= Automated Frequency Coordination =

System for coordinating Wi-Fi channels

Automated Frequency Coordination (AFC) is a channel allocation scheme specified for wireless LANs, commonly known as Wi-Fi. It is used when allocating frequencies for use in the 6 GHz frequency band, and was introduced with Wi-Fi 6E and Wi-Fi 7, which were the first Wi-Fi standards to make use of the band. Devices that are obligated to use AFC request authorization to use a given channel by determining their own precise geographical location using satellite positioning, and communicating with an online database in order to avoid conflicts with registered users of the band, such as microwave links used in fixed-satellite services. AFC is not required for Wi-Fi radios broadcasting indoors at lower power, and support for AFC is optional in devices using the 6 GHz Wi-Fi frequency band seeking to be Wi-Fi Certified.

In countries where AFC authorization is required before broadcasting 6 GHz Wi-Fi at higher power levels, such as the United States and Canada, devices that wish to do so must communicate with companies known as AFC providers, which manage a database of registered 6 GHz broadcasters, including their locations, power levels, and antenna coverage. The provider cross-references the device's location and its own database to supply a list of available channels and maximum transmission power levels back to the device, and the device must check back periodically. The provider has no role in preventing interference between the clients themselves.

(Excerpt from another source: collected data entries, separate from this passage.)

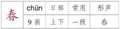 组词: 春播 春分 春风 春耕 春光 春季 春节 春雷 春联 春色 春天 春意 春雨 春运造句: 【春耕】春天到了,农民们忙着春耕。 【春光】三月的南方春光迷人。 【春节】春节是中国最重要的传统节日。 【春雨】这是今年的头一场春雨。 【春运】一年一度的春运又开始了。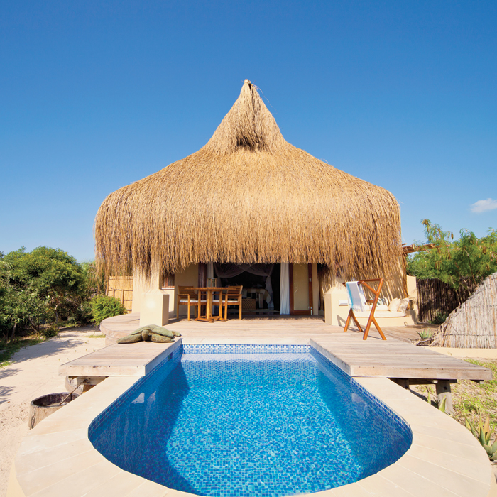 Dulini is a tranquil haven on the banks of the Mabrak River in the Sabi Sand Reserve. Shaded by ancient Ebony and Leadwood trees, the camp’s peaceful atmosphere is enhanced by the symphony of bird song. An endless passage of wildlife adds to the allure. Complete with private plunge pools, six exquisite thatched suites grace the banks of the riverbed. Spacious interiors epitomize romance, with canopies of mosquito nets and beautiful bathrooms. The main lodge, resplendent with deep couches spills onto a cool veranda, with views to the wilderness beyond. Retreat to the extensive library for quiet contemplation or observe the movement of wildlife through the trails around the camp from the cantilevered deck. It is not uncommon to secretly witness an elusive leopard from this vantage point. The welcoming ambience of laid back luxury creates a place of conversation and laughter.3. Azura Benguerra Island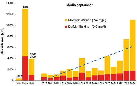Modelleret arealudbredelse af moderat (2-4 mg ilt pr. L) og kraftigt (0-2 mg ilt pr. L) iltsvind midt i september i de indre danske farvande (2010-2024) samt den største og mindste udbredelse (1989-2024) og den gennemsnitlige udbredelse (1989-2009). Den stiplede linje angiver en statistisk signifikant stigning siden 2010. (5)

The FCC in the United States and the ISED in Canada have each defined a Standard Power (SP) class for radios operating indoors and outdoors, which must coordinate channel use through AFC. Devices broadcasting at Standard Power are allowed to operate at a maximum transmit power (effective isotropic radiated power or EIRP) of 36 dBm and a maximum spectral density of 23 dBm per MHz. The FCC and ISED also define a Low Power Indoor class (LPI) which permits devices to use the entire 6 GHz frequency band (5955–7115 MHz) at a maximum EIRP of 30 dBm and a maximum spectral density of 5 dBm per MHz. Use of the LPI class is only permitted indoors. In the United States, devices using the 6 GHz band that do not support AFC are not allowed to be weather-resistant, run on battery power, or be connected to external antennas.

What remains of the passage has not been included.